12, if the use of JBoss as LVs webserver:
JBoss as the webserver of LVs need to do some simple configuration for standalone run mode JBoss, simply modify the following in Standalone.xml configuration file: <interfaces> <

        Interface name= "Management" > <inet-address value= "${jboss.bind.address.management:127.0.0.1}"/> </interface> <interface name= "public" > <inet-address value= "${jboss.bind.address: 127.0.0.1} "/> </interface><interface name= "any" > <any-address/> </interface></interfaces> <socket-binding-group name= "Standard-sockets"default-interface= "any"><socket-binding name= "http" port= "/> <socket-binding name=" https "port=" 443 "/><socket-binding name= "Jmx-connector-registry" interface= "Management" port= "1090"/> <socket-binding

        "Jmx-connector-server" interface= "Management" port= "1091"/> <socket-binding name= "Jndi" port= "1099"/> <socket-binding name= "Osgi-http" interface= "Management" port= "8090"/> <socket-binding "name=" Remot ing "port=" 4447 "/> <socket-binding name=" txn-recovery-environment "port=" 4712 "/> <socket-bin Ding name= "Txn-status-manager" port= "4713"/> </socket-binding-group>


13. LVS Cluster System maintenance command:

If you find that you do not have permission to execute the following files, simply execute them on the corresponding file: chmod commands
such as: To modify the/etc/init.d/lvs_server.sh file for anyone to execute the command that executes:
[Root@rserver2/]# chmod 777/etc/init.d/lvs_server.sh
Other files in the same way as modified.

1), Ipvsadm maintenance

start:/etc/init.d/lvs_server.sh start

stop:/etc/init.d/lvs_server.sh stop restart

:/etc/ init.d/lvs_server.sh Restart

2), keepalived maintenance

boot:/etc/init.d/keepalived start

stop:/etc/init.d/ keepalived Stop restart

:/etc/init.d/keepalived restart

3), Real server maintenance

only one command to run once:/etc/sysctl-p

Start:/etc/init.d/lvs_real_server.sh start

stop:/etc/init.d/lvs_real_server.sh stop

4), JBoss maintenance

background operation mode: /jboss/bin/standalone.sh & 

Exit (Exit console, but JBoss continues to run)

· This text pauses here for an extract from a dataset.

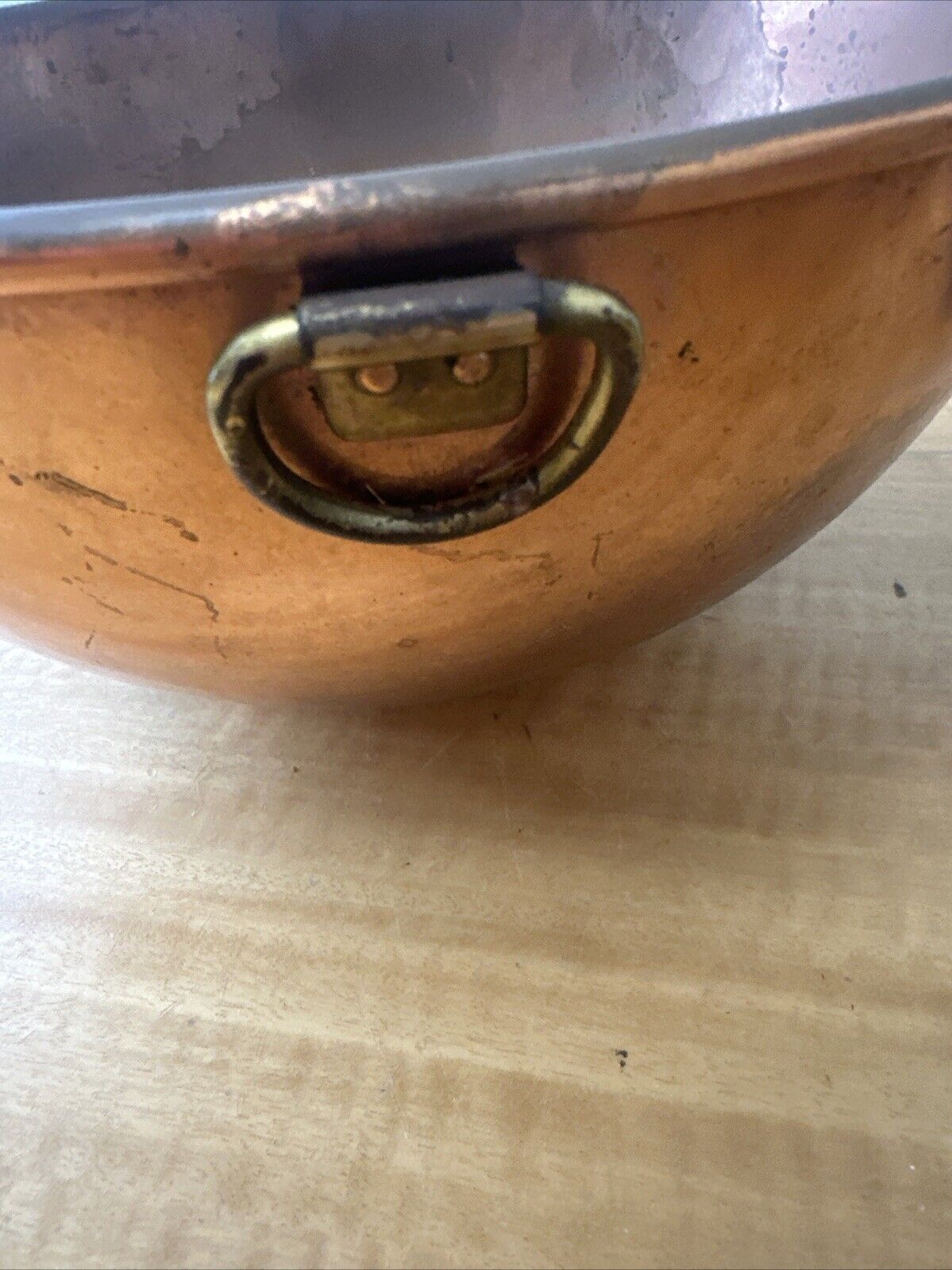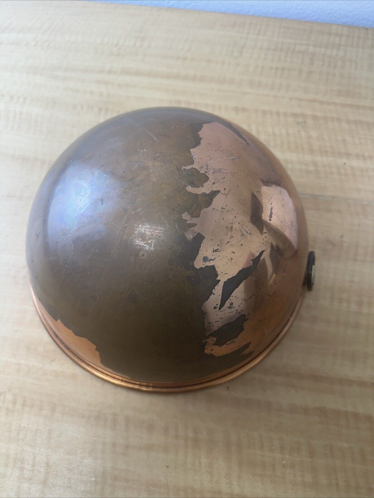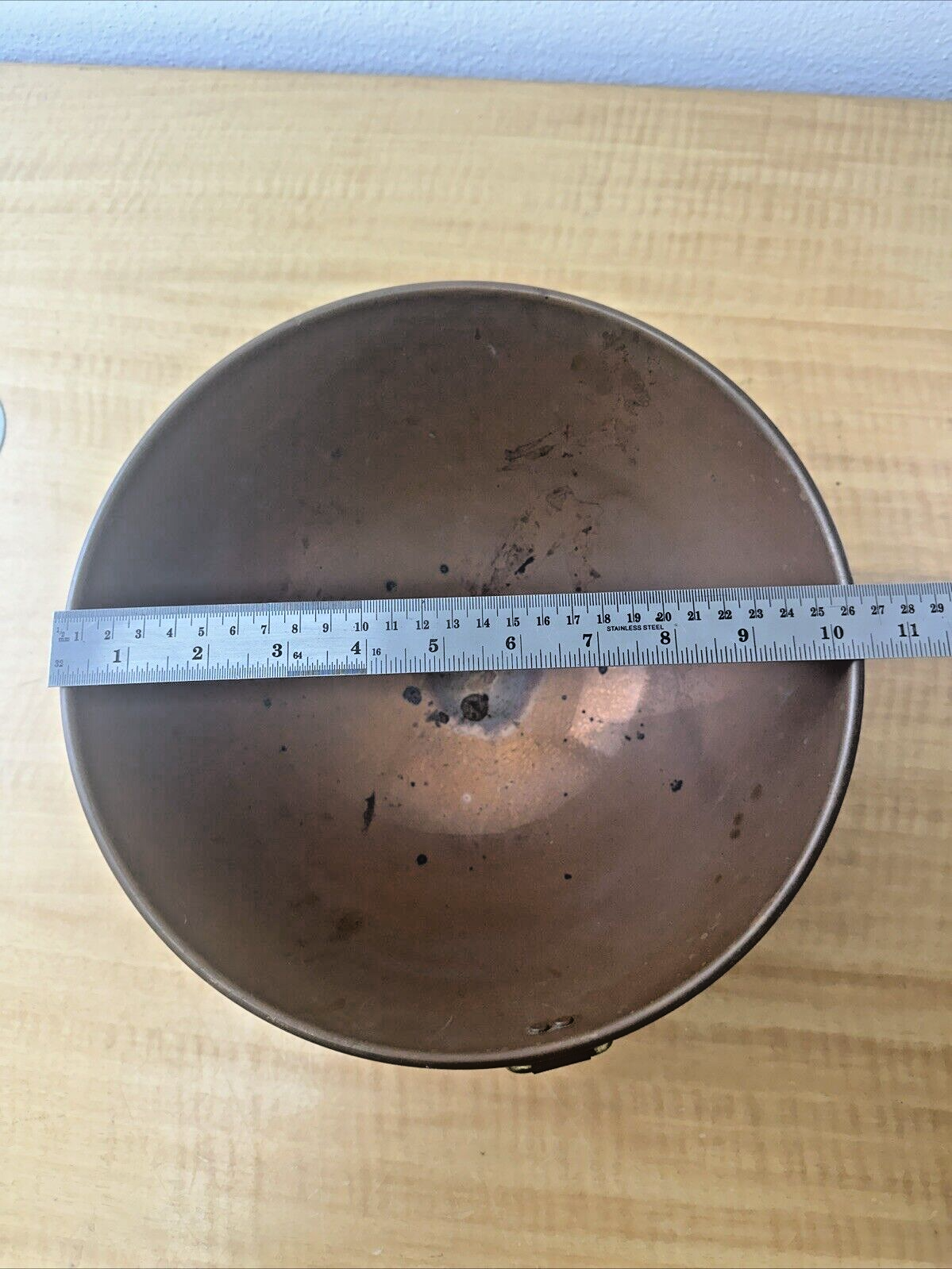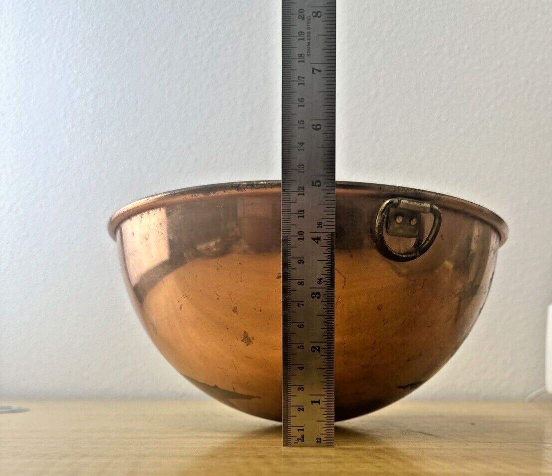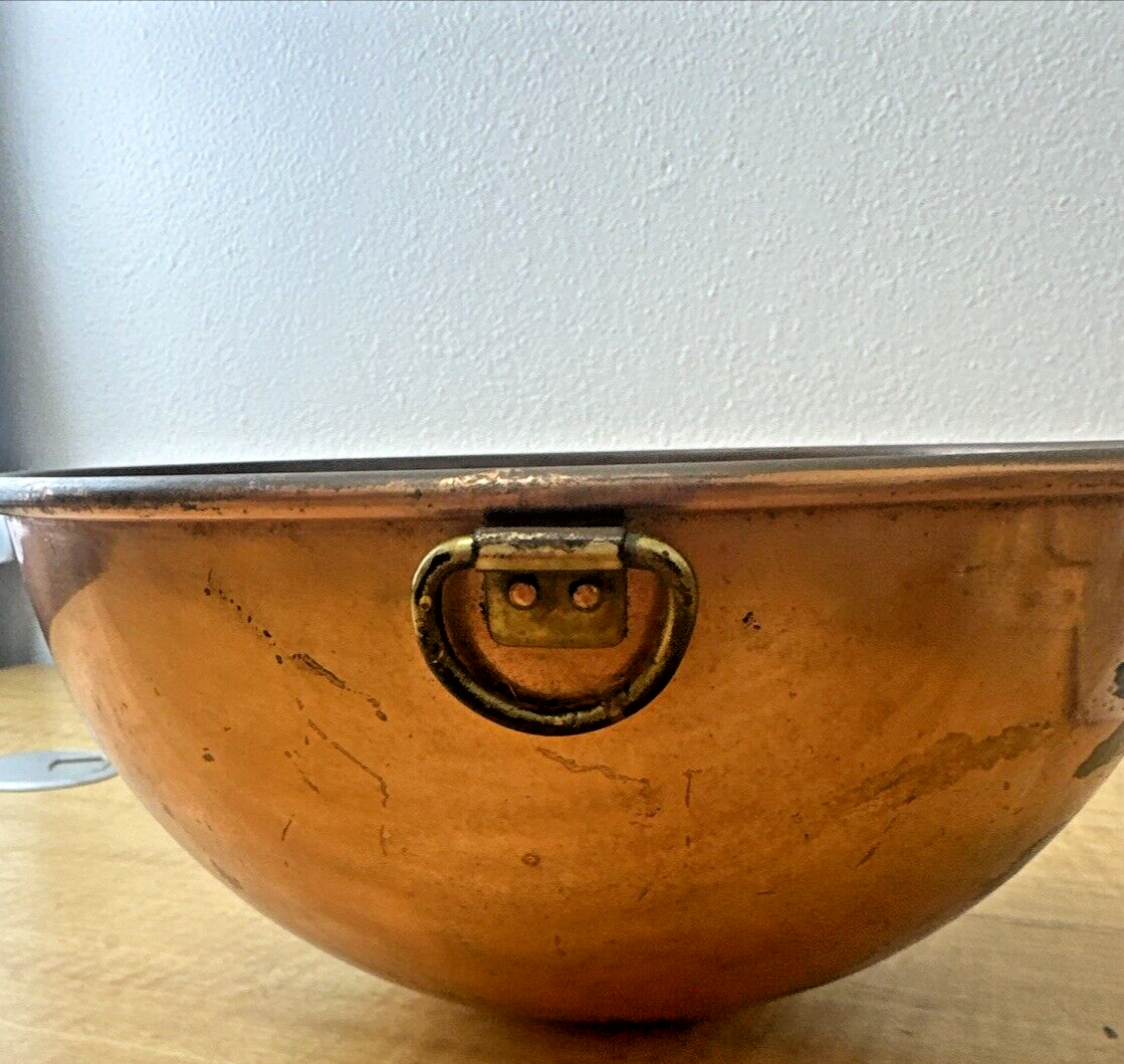 Vintage 10” Copper Mixing Bowl Round Bottom Large Deep Rolled Edge

foreground operation mode:/jboss/bin/standalone.sh

shutdown Jbos S:ps aux |

the thread number corresponding to grep JBoss kill



Contact Us

The content source of this page is from Internet, which doesn't represent Alibaba Cloud's opinion; products and services mentioned on that page don't have any relationship with Alibaba Cloud. If the content of the page makes you feel confusing, please write us an email, we will handle the problem within 5 days after receiving your email.

If you find any instances of plagiarism from the community, please send an email to: info-contact@alibabacloud.com and provide relevant evidence. A staff member will contact you within 5 working days.

A Free Trial That Lets You Build Big!

Start building with 50+ products and up to 12 months usage for Elastic Compute Service

  • Sales Support

    1 on 1 presale consultation

  • After-Sales Support

    24/7 Technical Support 6 Free Tickets per Quarter Faster Response

  • Alibaba Cloud offers highly flexible support services tailored to meet your exact needs.